To prepare for his visit to Kansas University, College of Liberal Arts and Sciences dean candidate Walter Hawthorne, among other things, ordered a book about the history of KU.

In it, Hawthorne said he found particular inspiration from the vision of former history teacher and KU Chancellor Frank Strong, who even in the early 1900s prioritized securing adequate funding for the university and ensuring it was a place that reached out to the public.

After all, as Hawthorne pointed out to a crowd gathered to hear him talk Monday in the Kansas Union, he is a historian.

Walter Hawthorne

Hawthorne, professor and chair of the Department of History at Michigan State University, was the first of four CLAS dean candidates scheduled to give public presentations in the coming weeks on the subject “21st Century Challenges to Liberal Arts and Sciences (and how KU will address them).”

Hawthorne’s presentation identified the following five challenges:

• The affordability of college, or the public perception of it.

• Budget challenges.

• “Achieving inclusive excellence,” or increasing faculty and student diversity.

• Demonstrating the relevance and importance of liberal arts and sciences.

• And the “digital revolution.”

On affordability, Hawthorne said it’s important to talk not just about cost but value of college.

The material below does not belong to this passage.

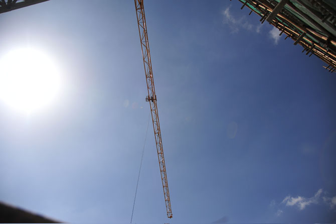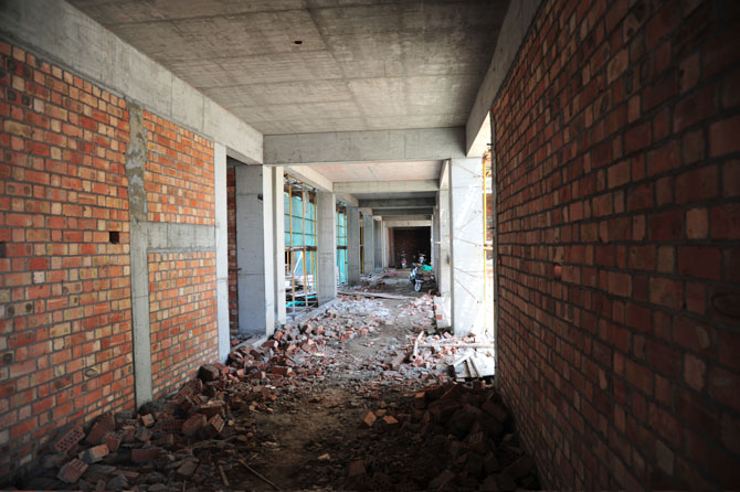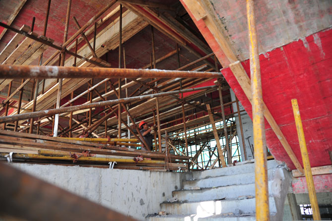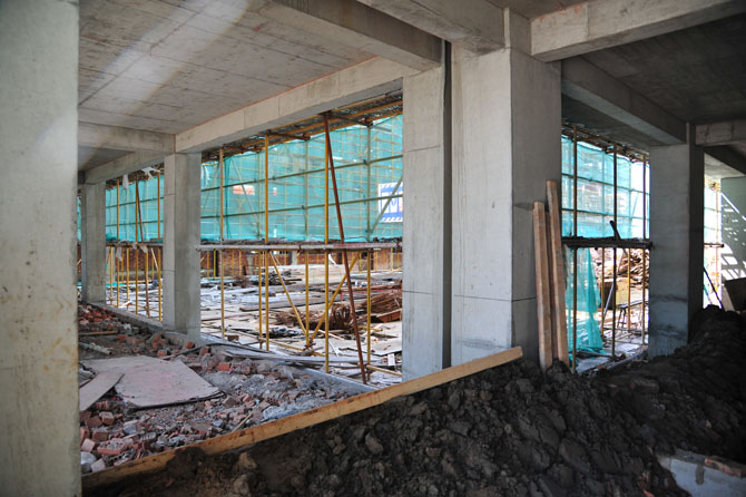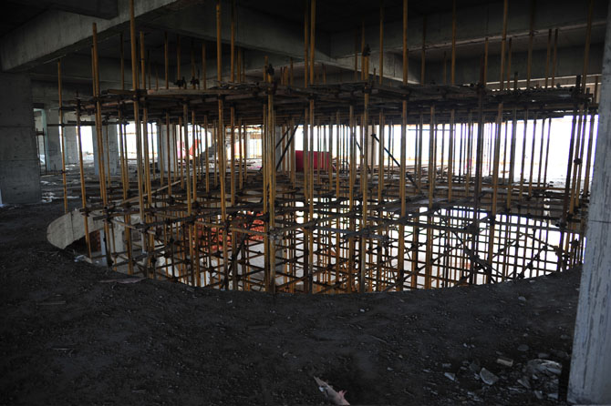 新校区建设掠影二 时间:2014-10-07 作者:翟新民 浏览:次 分享到: 本次照片拍摄于2014年10月4日下午。 办公楼主楼,共10层,已经到了8层 内部非常大气 又浇筑一层 内部镂空造型 内部天井 办公楼裙楼已经封顶 教学楼 看到标牌了吗? 内部过道 教学楼间空间 教学楼已经封顶 从办公楼主楼西侧往南看 从办公楼主楼往南看 宿舍楼 从南往北看宿舍楼 脚手架 塔吊臂凌空而过 南面毗邻的文山初中和金乐小学,一河之隔 校门外的界河 校门口的过道 打印正文 关闭本页 扫一扫关注通州高级中学

He said there are many ways to help ensure it stays affordable, including financial awareness for students — he said he’s often told students to “live like a student today so they don’t have to live like one in the future” — and steps by administration.

Those would include continuous revisiting of the KU CORE class requirements to track how they affect four-year graduation rates, proactive advising with regular progress updates for students, continuing “meaningful” first-year experience efforts and increasing online course offerings. At Michigan State, he said, the history department he leads has developed 25 online summer courses in-house, not only bringing in $1 million a year for the department but also enabling students to go home for the summer and earn credits without paying room and board.

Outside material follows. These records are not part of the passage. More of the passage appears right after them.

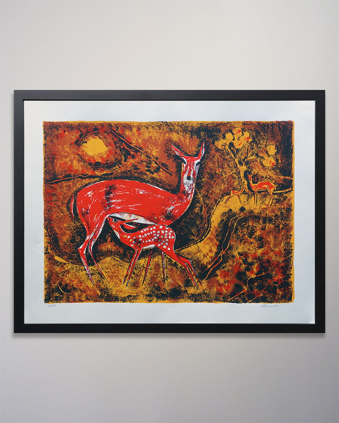 Leeoda was a New Jersey artist who printed this under the supervision of the surrealist Leo Russell at his atelier. Russell was a NY/NJ artist and educator. Russell began his career as a teacher in the 1940s Works Progress Administration (WPA). Russell has work in the permanent collection of the Guggenheim.
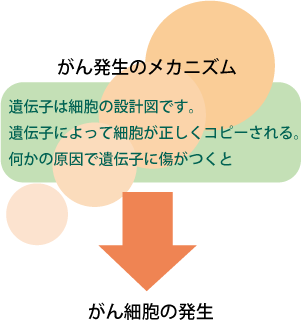 古い細胞の遺伝子を書き写し、それにしたがって新たに細胞が作られます。所謂古い細胞をコピーするわけですが、発癌物質が原因で遺伝子に傷がつくと、コピーミスが起きてしまうことがあります。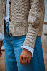 ANAIS Puff Sleeve Cardigan in Merino Wool - Beige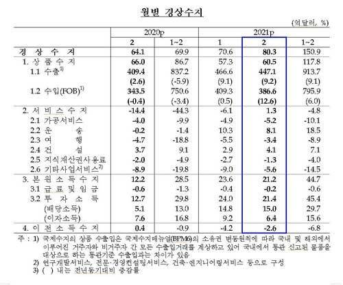 서비스 수지는 1억3천만 달러 흑자를 기록했는데, 선박 항공 운임 급등으로 운송수지가 흑자로 돌아섰고, 여행수지 적자가 1억3천만 달러 축소된 영향이 컸습니다.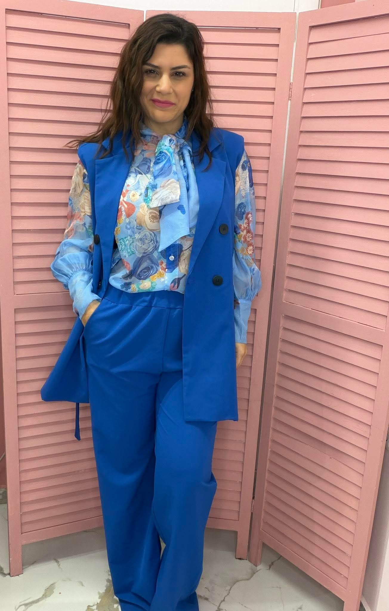Κουστούμι σετ με αμάνικο γιλέκο – μπλε ρουά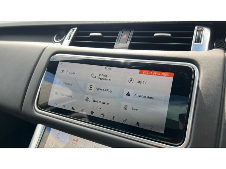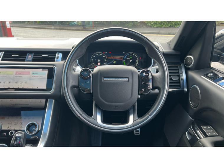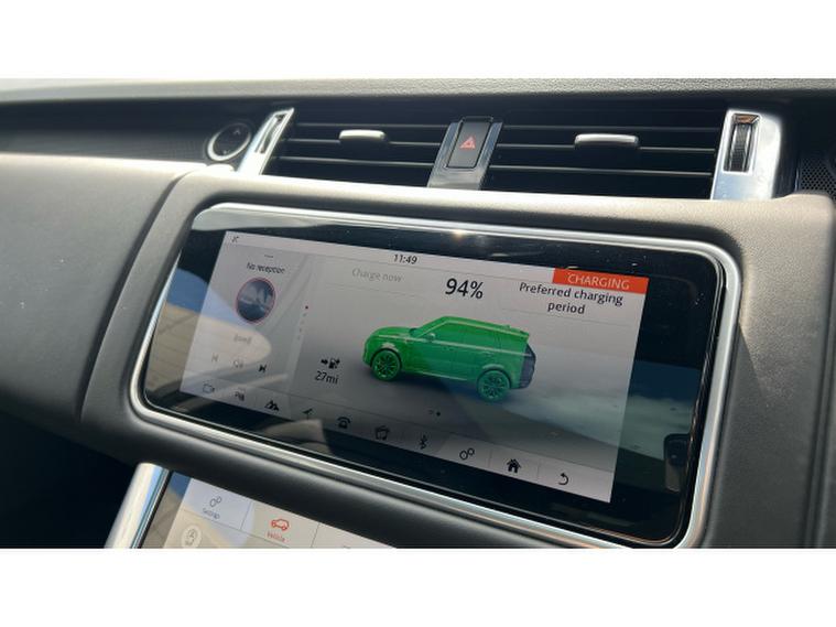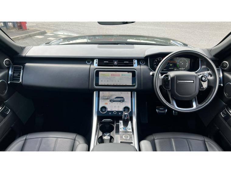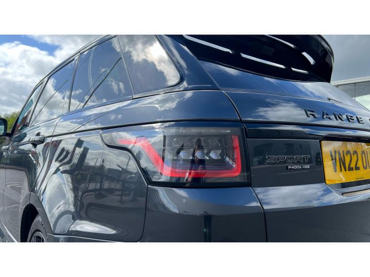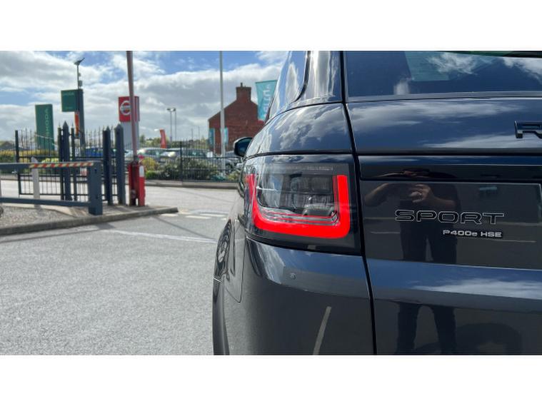 Land Rover Range Rover Sport 2.0 P400e HSE Dynamic Black 5dr Auto Estate, , This 2022 Land Rover Range Rover Sport P400e HSE Dynamic Black boasts exceptionally low mileage for its age, having covered just 22, 239 miles. This impressive plug in hybrid model features a 2.0 litre petrol engine paired with four wheel drive, meeting Euro 6 emissions standards. It comes equipped with the desirable Drive Pack, which includes Blind Spot Assistance, and auto dimming power fold heated door mirrors with memory and approach lights. The striking Narvik Black contrast painted roof complements the HSE Dynamic Black trim, and automatic headlights ensure optimal visibility. For seamless connectivity, it includes Apple CarPlay.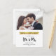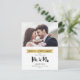 Frohe Weihnachten aus der Zukunft Mr. und Mrs. Foto Postcard ist perfekt, um Urlaub Grüße als frisch verlobtes Paar zu senden. Das Design zeichnet sich durch eine handgezeichnete Typografie im Stile eines Schriftartes aus, mit einem Imitat aus vergoldeten Folienbannern unter den Begriffen "Frohe Weihnachten". Auf der Vorderseite erlaubt das Design auch Platz für ein landschaftliches Foto. Auf der Rückseite der Karte bietet das Design Platz für Grüße. Personalisieren Sie das Design, indem Sie das Foto und den Text des Beispiels ersetzen. Bitte wenden Sie sich an den Designer, wenn Sie Wünsche zur Anpassung des Designs haben.

On budget, Hawthorne reiterated the importance of online classes; suggested maintaining and enhancing areas of strategic importance, including attracting top talent in those areas; and said admitting more international students was a must, another area in which Michigan State — with 14 percent international enrollment — has seen success.

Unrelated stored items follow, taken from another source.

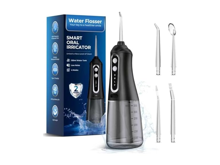 - 45-Day Battery, Portable for Anywhere -- Charge once, floss for weeks! Just 4 hours of charging gives you up to 45 days of use, perfect for busy mornings at home or long trips. It’s compact and lightweight, sliding easily into your toiletry bag or suitcase. Comes with a USB charging cable (Please use a 5V/1A charger for safe charging).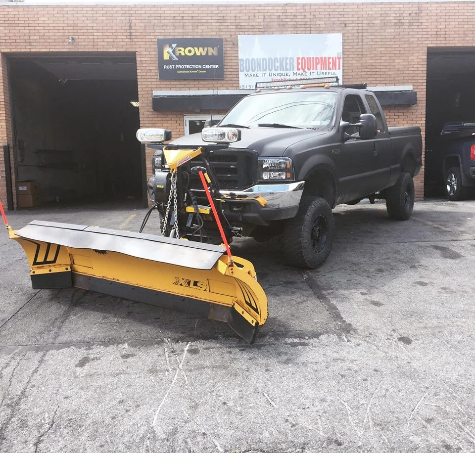 This plow driver will have a aerial view of the lot he's plowing. We installed a used 8'-10' Fisher XLS today on this 2001 Ford F-350 Powerstroke. We even wired the truck to be able to operate the Fisher EZV plows still in this company's fleet.
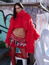 CROPPED FAUX FUR COAT WITH SCARF DETAIL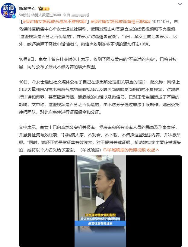保时捷女销冠被合成AI不雅视频希望大家能多给牟女士一些支持和鼓励,而不是冷漠围观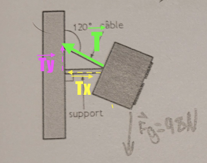 Ainsi, \( \vec{T}_y = 98 N\). Tu peux donc trouver la valeur de \( \vec{T} \) par rapports trigonométriques.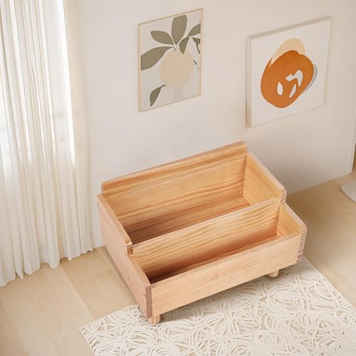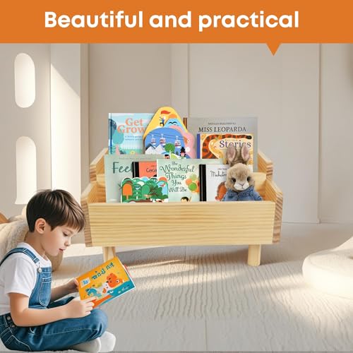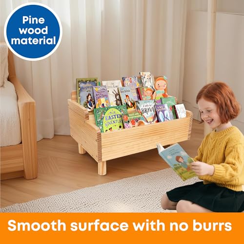 PHOENANCEE - رف كتب للأطفال، رف كتب مونتيسوري صغير للأطفال الصغار، رف كتب بتصميم مقسم، حاوية لتخزين الكتب للأطفال الصغار مصنوعة من خشب الصنوبر لغرفة اللعب وغرفة الأطفال والحضانة والفصول الدراسية من فينيانسي

“This makes the place quite lively, and since 2008 has been a great revenue generator for us,” he said.

Hawthorne said liberal arts and sciences must modernize courses to ensure they give students “21st century skills” and “experiential learning” to use in jobs, but also communicate the importance of such studies on a broader scale.

“We in the liberal arts and sciences enrich lives,” he said. “Clearly jobs are important, but the purpose of a university is much, much more than that.”

Hawthorne’s research specialty is upper Guinea, the Atlantic and Brazil, with particular interest in the history of slavery and the slave trade, according to his bio provided by KU. His publications include the books “Planting Rice and Harvesting Slaves: Transformations along the Guinea-Bissau Coast, 1400-1900” in 2003, and “From Africa to Brazil: Culture, Identity, and an Atlantic Slave Trade 1600-1830” in 2010.

Prior to Michigan State, Hawthorne taught at Ohio University, the University of Vermont and Mills College in Oakland, Calif. He earned his doctorate in history in 1998 from Stanford University.

The new CLAS dean will replace Danny Anderson, who left KU to become president of Trinity University in San Antonio.